We weten nu dat de wacht bij de Europese Centrale Bank (ECB) in oktober zal veranderen. Het huidige hoofd van het Internationaal Monetair Fonds (IMF), Christine Lagarde, zal op dat moment de huidige ECB-president Mario Draghi opvolgen.
Een bekende hoeveelheid onder de politieke en beleggersklasse van Europa, Lagarde lijkt een veilige keuze: zij is een advocaat van opleiding, geen econoom. Daarom is het onwaarschijnlijk dat zij dramatische veranderingen inluidt, in tegenstelling tot de huidige president van de Europese Centrale Bank, Mario Draghi, die de opdracht van de ECB aanzienlijk heeft uitgebreid in de nasleep van zijn belofte om “alles te doen wat nodig is” om de unie van de gemeenschappelijke munt te redden (Draghi heeft dit gedaan door de solvabiliteit van de lidstaten van de eurozone te verzekeren door een aanzienlijk uitgebreide aankoop van staatsobligaties). In plaats daarvan zal Lagarde zich waarschijnlijk aan haar opdracht houden, zoals elke goede advocaat. Het lijdt geen twijfel dat haar jarenlange werkzaamheden als hoofd van het IMF ook haar neiging zullen versterken om de heersende op bezuinigingen gebaseerde ECB-ideologie niet te verstoren.

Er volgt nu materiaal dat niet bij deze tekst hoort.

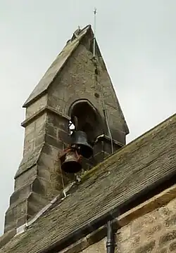 The bellcote contains two bells. The larger one, original to the church and measuring 20 inches (51 cm), was founded in 1879 by Mears and Stainbank. It is hung for use with a bellrope, being in its original position within the bellcote, with a full metal wheel. The smaller one is connected to the clock, which as of 2016 was awaiting repair. This bell measures 14 inches (36 cm) and was founded by John Taylor of Loughborough, possibly in the 1930s when the turret clock mechanism was installed. It has been added at a lower level on the east side of the bellcote, and is struck by a clock hammer. Both bells are inscribed with the maker's name, and the larger one has the date 1879.[14] The clock bell, clock face and turret mechanism by Potts of Leeds was donated by the daughters of George Lewis, who died aged 91 in 1932, having served as churchwarden for 41 years.[15]

Helaas heeft de eurozone nu iets meer nodig, vooral gezien de steeds kwetsbaardere staat van de Europese economieën. De eurozone heeft nog steeds geen eigen schatkist en er is geen volledig verzekerde bankenunie. Die beperkingen zullen waarschijnlijk veel opvallender worden in elke grotere vorm van recessie, vooral als ze gepaard gaan met een bankencrisis. Dat is de reden waarom de gespannen kandidatuur van Jens Weidmann misschien de riskantere gok was voor de topbaan bij de ECB, maar uiteindelijk een keuze met meer politiek voordeel. Een oude Duitse centrale bankier had wellicht de basis kunnen leggen voor de vereiste paradigmatische verschuiving met succes dan een Franse advocaat, vooral nu Duitsland zelf in het oog staat van de groeiende economische storm.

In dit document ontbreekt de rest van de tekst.